■ WHAT YOU HAVE TO DO:
Reproduce word for word every line from the one containing "Select the enemy" to the final line of the data below; omit the pictures.
*** Opening DATA PROVIDED ***
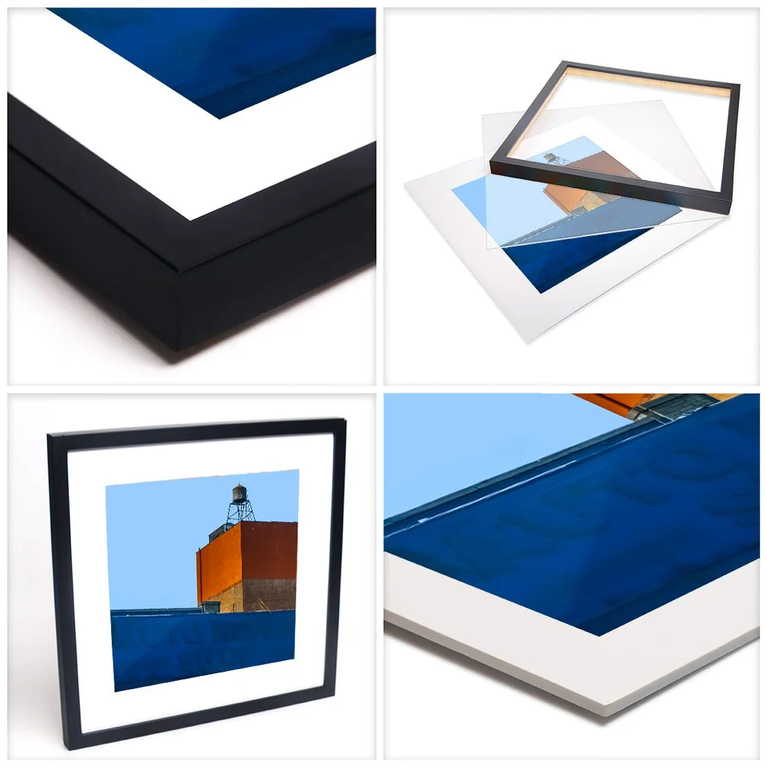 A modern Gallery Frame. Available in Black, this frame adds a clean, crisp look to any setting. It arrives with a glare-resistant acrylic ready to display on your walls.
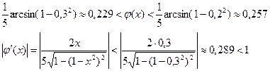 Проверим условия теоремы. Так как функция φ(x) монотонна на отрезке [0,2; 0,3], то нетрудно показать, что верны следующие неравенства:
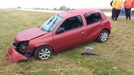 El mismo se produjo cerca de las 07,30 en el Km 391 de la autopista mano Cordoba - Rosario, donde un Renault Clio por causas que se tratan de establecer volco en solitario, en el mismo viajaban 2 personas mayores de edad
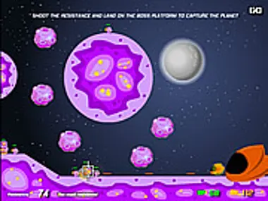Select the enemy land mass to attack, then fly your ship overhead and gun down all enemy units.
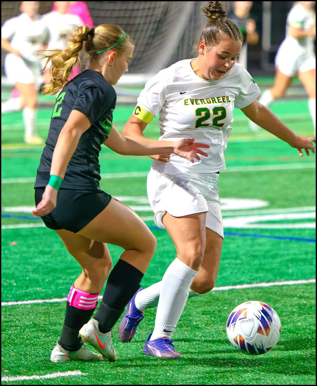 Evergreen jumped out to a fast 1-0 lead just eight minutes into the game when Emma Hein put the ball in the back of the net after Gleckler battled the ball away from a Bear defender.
*** Closing DATA PROVIDED ***
■ PROBLEM SOLUTION:
Select the enemy land mass to attack, then fly your ship overhead and gun down all enemy units.
 Evergreen jumped out to a fast 1-0 lead just eight minutes into the game when Emma Hein put the ball in the back of the net after Gleckler battled the ball away from a Bear defender.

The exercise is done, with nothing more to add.